In ongi caso, la bassa qualità dei film passa decisamente in secondo piano rispetto a un dettaglio, che diventa immediatamente il punctum barthesiano dei film introdotti da Gianni Amelio (siparietto d’aperutra che prevede sempre uno stesso copione: Amelio, un suo amico regista e una discreta quantità di nomi di persona senza cognome, a cui i due fanno riferimento – Paolo, Giovanna, Marco ecc…, come se anche i 1200 spettatori presenti fossero amici intimi dei due). Il dettaglio in questione è: il parrucchino del direttore (della cui esistenza si è sparsa la voce durante una rush line. What’s rush line?). Questo inquietante dettaglio ha avuto sistematicamente la capacità sciamanica di trascendere per importanza il film. Il cervello degli spettatori edotti restava, infatti, intrappolato in quel dettaglio che riappariva violentemente davanti agli occhi degli stessi accompagnato da un violino stridulo come nei peggio flashback dei film di Dario Argento. Gli altri, fortunatamente, dormivano.

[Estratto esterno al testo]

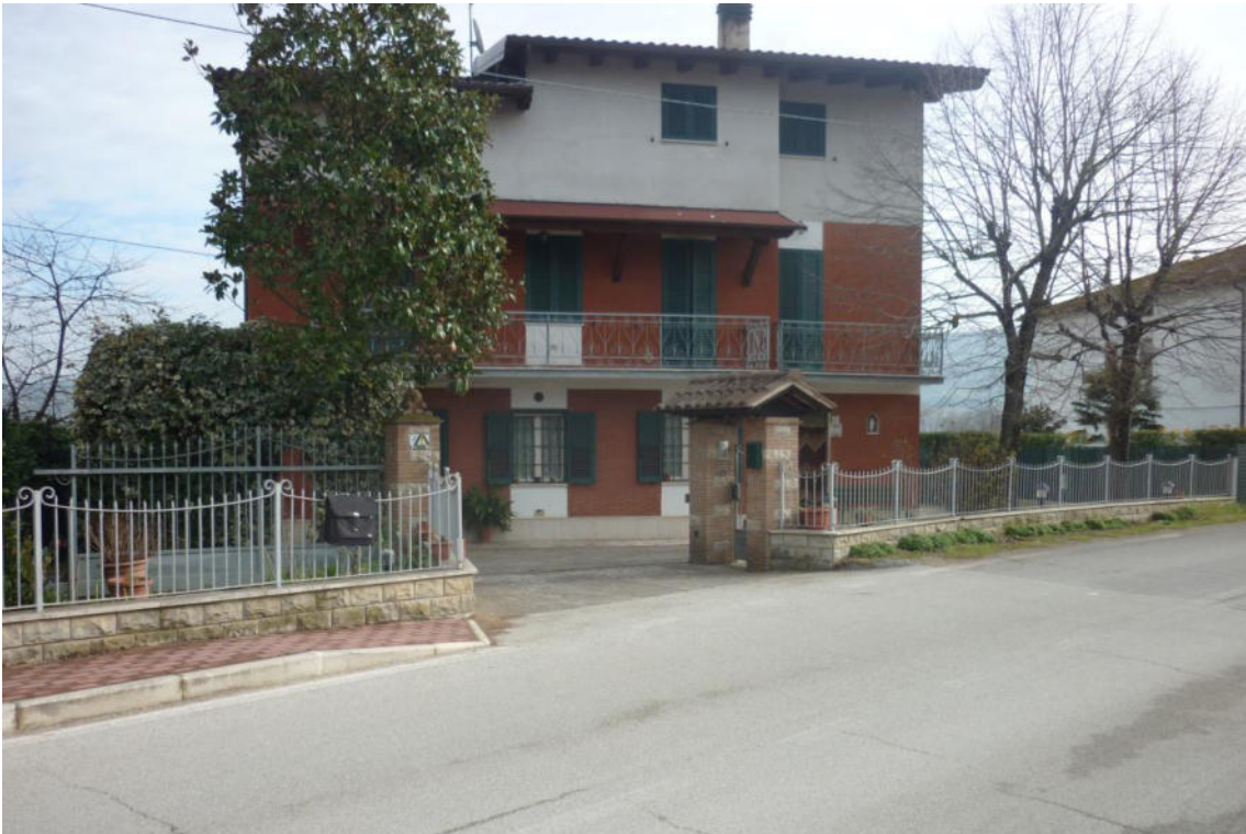
Vista del tratto iniziale dell'intervento lungo str. Marscianese del Piano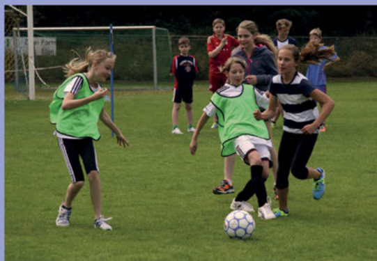
Schon lange bei uns ein Thema: Mädchen spielen Fußball!

Unser umfangreiches Angebot an Musikensembles umfasst Chöre, Big Band und Orchester, jeweils mit speziellen Angeboten für jüngere Schülerinnen und Schüler, auch für Anfänger ohne Vorkenntnisse (Streicherprojekt). Neben den Konzerten sind die Auführungen der Theater-AG und des Literaturkurses „Theater“ der Jahrgangsstufe Q1 Höhepunkte des Schuljahres. Von Schülerinnen und Schülern geschaffene Kunstwerke werden auf dem Schulgelände und im Schulgebäude ausgestellt.

E, mentre nei locali del Lux una senzione distaccata e tardiva del Club to Club pompava musica a menetta pure nel cesso, le maschere del TFF, formate da un master biennale sul concetto di rush line dal titolo “rush line: prospettive, ruoli, punti di confronto”, venivano seguite da un équipe di psicologi ambulanti, che cercavano di contenere il delirio schizofrenico del dire contemporaneamente tutto e il contrario di tutte di cui spesso cadevano vittima.

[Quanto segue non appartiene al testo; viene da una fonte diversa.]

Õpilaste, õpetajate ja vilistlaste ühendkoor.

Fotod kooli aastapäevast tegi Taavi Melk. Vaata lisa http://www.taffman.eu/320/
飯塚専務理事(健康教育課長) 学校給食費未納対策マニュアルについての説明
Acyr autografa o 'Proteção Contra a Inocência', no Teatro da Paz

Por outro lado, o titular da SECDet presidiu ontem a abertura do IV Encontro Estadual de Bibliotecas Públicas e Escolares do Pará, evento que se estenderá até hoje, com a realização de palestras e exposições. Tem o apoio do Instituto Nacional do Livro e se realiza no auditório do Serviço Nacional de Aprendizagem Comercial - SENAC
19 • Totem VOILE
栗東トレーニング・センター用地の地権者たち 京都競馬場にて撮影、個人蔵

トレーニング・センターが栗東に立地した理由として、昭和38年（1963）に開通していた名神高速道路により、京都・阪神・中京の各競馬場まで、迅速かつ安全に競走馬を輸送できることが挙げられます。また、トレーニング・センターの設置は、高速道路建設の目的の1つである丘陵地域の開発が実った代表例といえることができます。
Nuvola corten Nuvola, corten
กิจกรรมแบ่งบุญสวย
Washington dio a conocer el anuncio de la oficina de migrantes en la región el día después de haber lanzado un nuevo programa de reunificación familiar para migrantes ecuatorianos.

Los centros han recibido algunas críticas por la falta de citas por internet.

Non si può fare a meno di dire, però, che i film di TFF di quest’anno erano accomunati tutti da un grande pregio: il fatto di durare poco. Un noto critico cinematografico giustamente dice che il tff quest’anno ha avuto mediamente una buona qualità “come ha dimostrato la crescente presenza del pubblico e degli accreditati”, che è un po’ come dire che le ristampe di un libro sono indice del valore del libro in sé e non della moda cui spesso la gente cede (facendo dunque impennare le vendite). Se molta gente va a vedere un film è automaticamente detto che ne resti soddisfatta? Non proprio.
Per finire, il presidente della giuria ha pensato bene di dare “il premio della giuria” a un film che fa sentire meno solo, nel panorama cinematografico, il protagonista del suo utimo lavoro quanto a peregrinare-desertificato-senza senso-alcuno.